Address
- 2935 S. Recker Rd. Gilbert, Arizona, 85295 United States
- Coordinates: 33°17′50″N 111°42′11″W﻿ / ﻿33.297223°N 111.703025°W

District information
- Type: Public
- Motto: Preparing learners for limitless opportunities.
- Grades: PK-12
- Established: 1909; 117 years ago
- Deputy superintendent(s): Sherry Richards
- Schools: 16
- Budget: about $50 million
- NCES District ID: 0403780

Students and staff
- Students: 13,500

Other information
- Website: www.husd.org

= Higley Unified School District =

School district in Gilbert, Arizona

The Higley Unified School District #60 or HUSD #60, is a school district in Gilbert, Arizona. The school district serves 12,600 students across 15 schools in portions of Gilbert, Mesa and Queen Creek. It was originally established to serve the community of Higley, but Gilbert annexed most of the Higley community. It is one of Arizona's fastest growing school districts. Continued modest growth is expected despite the downturn in the economy during the 2000s. In August 2013, the district opened two new middle schools and all other elementary schools that hosted grades K-8 went down to K-6.

==About HUSD==
Higley Unified School District is a district in the state of Arizona. It operates 2 preschools, 9 elementary schools, 2 middle schools, 2 high schools and one virtual academy.
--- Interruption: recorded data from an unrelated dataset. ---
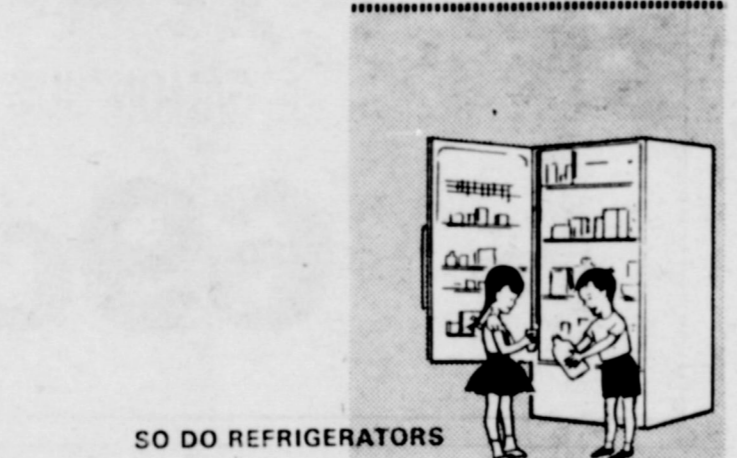
SO DO REFRIGERATORS
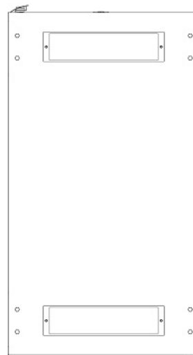
HP V142 Rack - top view
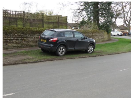
Example from 2022 Report

Parents collecting children from school are now regularly damaging the verges and have even been seen to park on the triangle near the school.
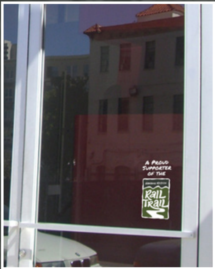
Sample window decal
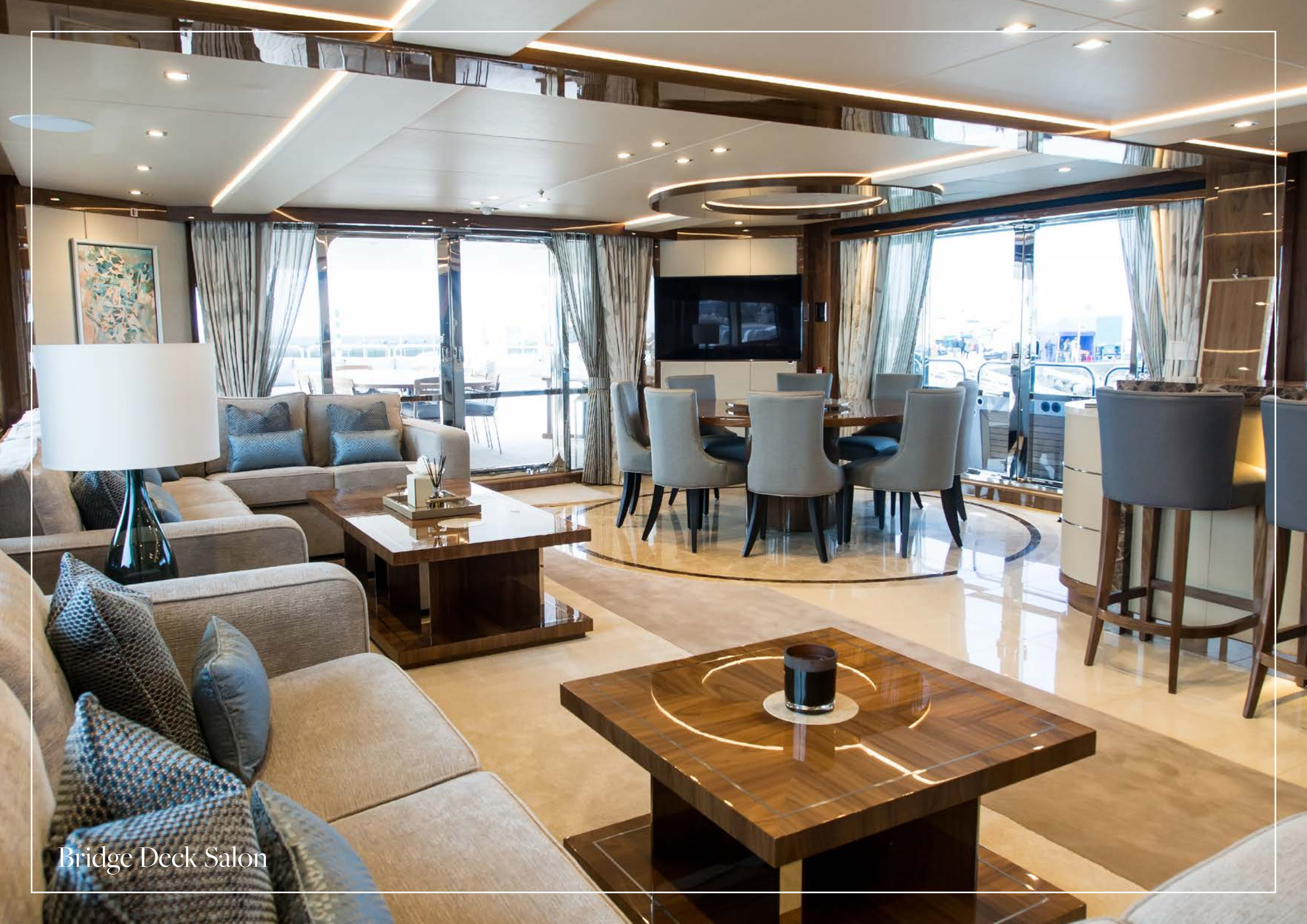
Bridge Deck Salon
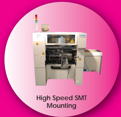
High Speed SMT Mounting
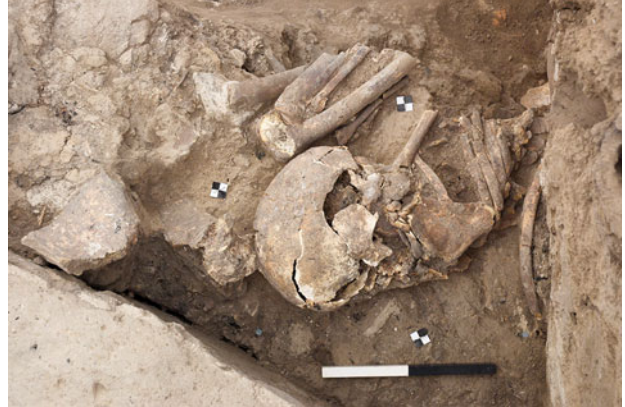
Figure 16.26. Northwest-facing photograph showing burial F.3458 skeleton (19224) and isolated human cranium (19235) found within infill deposit (19226) (photograph by Çatalhöyük Research Project).
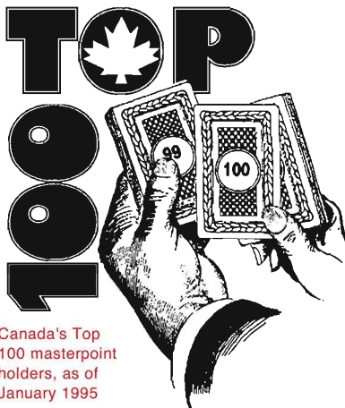
Canada's Top 100 masterpoint holders, as of January 1995
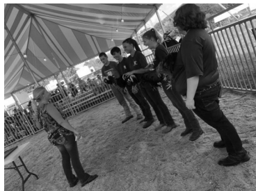
7:30 p.m. 4-H Showmanship Contest
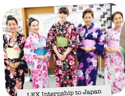
LEX Internship to Japan
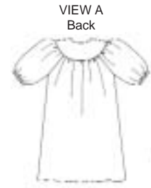
VIEW A Back
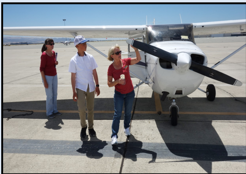
Hawaii flight (bottom)
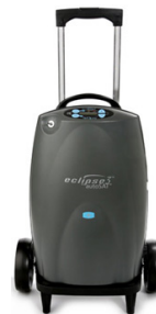
SQ-5900 SEQUAL ECLIPSE 3 PORTABLE CONCENTRATOR
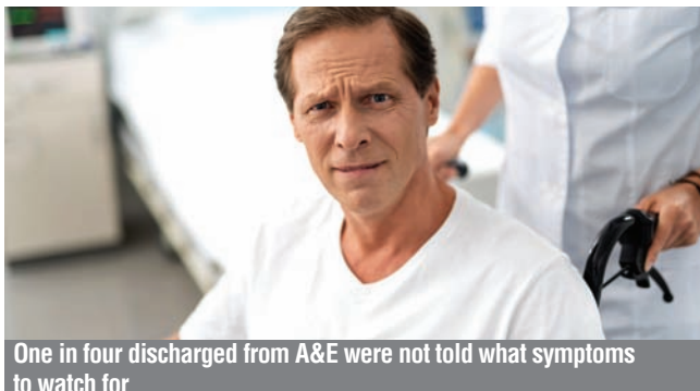
One in four discharged from A&E were not told what symptoms to watch for

Good communication is seen as crucial for patients, particularly in an emergency, and there were small improvements in the proportion of 'Type 1' attendees
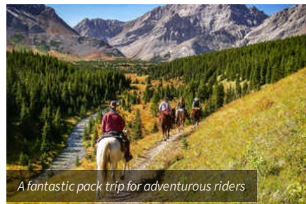
A fantastic pack trip for adventurous riders
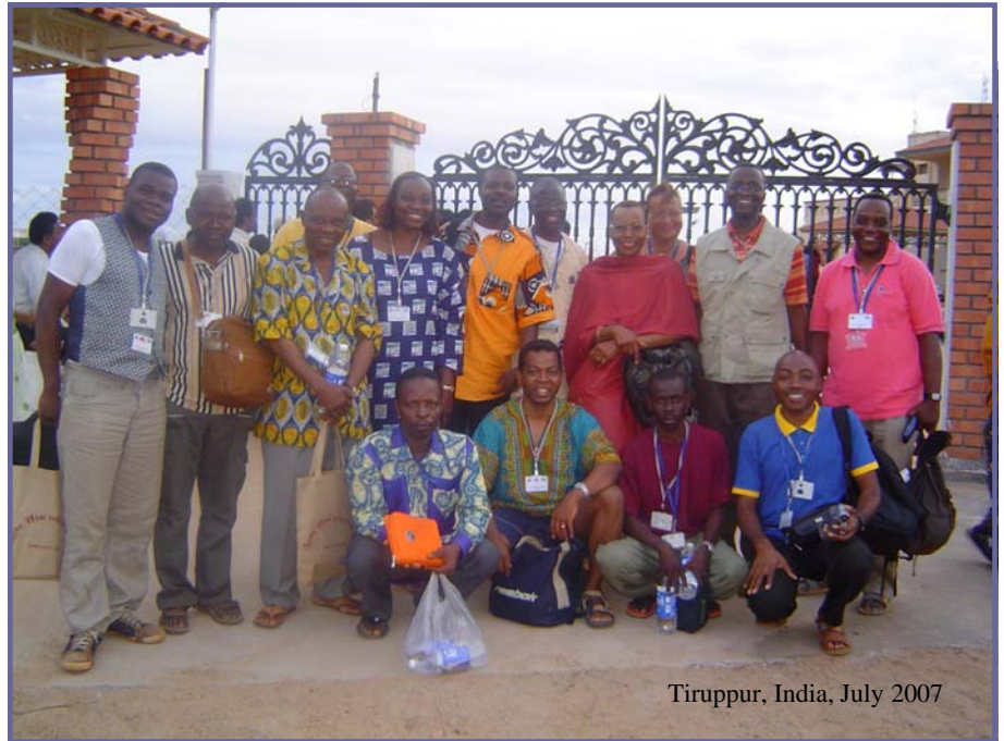
Tiruppur, India, July 2007

"Whispers from the Brighter World – p.64
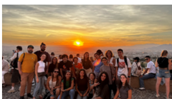
Figure 21. Group of participants
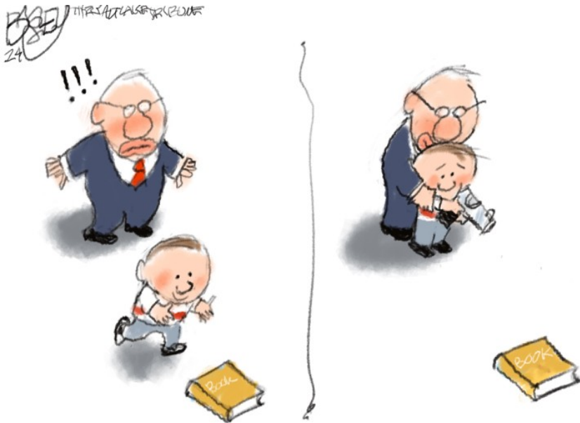
Pat Bagley, Salt Lake Tribune / Courtesy of Cagle.com

Higley is an open-enrolment district, which permits parents to choose a school, regardless of the individual school boundaries. The district also allows un-housed children to register for school.

The District has two administrative sites. The primary administration building is located north of Higley High School and the district's transportation center is located south of Williams Field High School.

All high schools and middle schools utilize a resource officer to help protect the school environment from disruptions and crimes.

===Curriculum===
All preschool classes are split into 2 classes per day, depending on the school and the time the classes start. Higley offers full day kindergarten classes at its schools. Higley's comprehensive curriculum is aligned with the Arizona Academic Standards and the new Common Core Standards. The District primarily focuses on the core standards, which are Reading, Writing, Math, Science, and Social Studies. Higley also offers free full day kindergarten classes, technological instructions, library media services, K-8 Art, Music, and Physical Education, Character Education, and Before and After School Enrichment Programs. In Middle School, Higley offers choir, band, strings, applied technology, Spanish, and many skills for success. Along with its academic programs, Higley provides students athletic programs to encourage children to be actively fit while focusing on academics. The Middle Schools also offer early development childhood (preschool) services. Higley Unified School often tries new academic programs and standards not yet passed or effective in the state to allow students to get used to the new curriculum and align it in the future.

==History==
The Higley district was incorporated in 1909 with a territory far larger than its current size, with most of the district land transferred to other Valley school districts over the years. For instance, the Queen Creek Unified School District was carved out of the Higley district in 1947. Higley Elementary School was the only school in the district for the next 53 years. The district's high school students attended Gilbert Public Schools' high schools. As the Valley expanded, Larry Likes, then-superintendent of the district, guided it through an era of suburban expansion engulfing local farmland. The growth of the 1990s and 2000s caught up to the district's 24 sqmi service area. In 1999, the district legally unified; in 2000, it opened Coronado Elementary School, its first new school in decades; in 2001, Higley High School opened its doors; four years later, Gateway Pointe Elementary School debuted, then a year later, Cortina Elementary School opened; another year later, further growth induced the opening of Williams Field High School. In the spring of 2008, Higley became the first district in Arizona to receive K-12 accreditation by the AdvancED/North Central Accreditation Team. Graduating Higley seniors were offered $2.7 million in academic and athletic scholarships.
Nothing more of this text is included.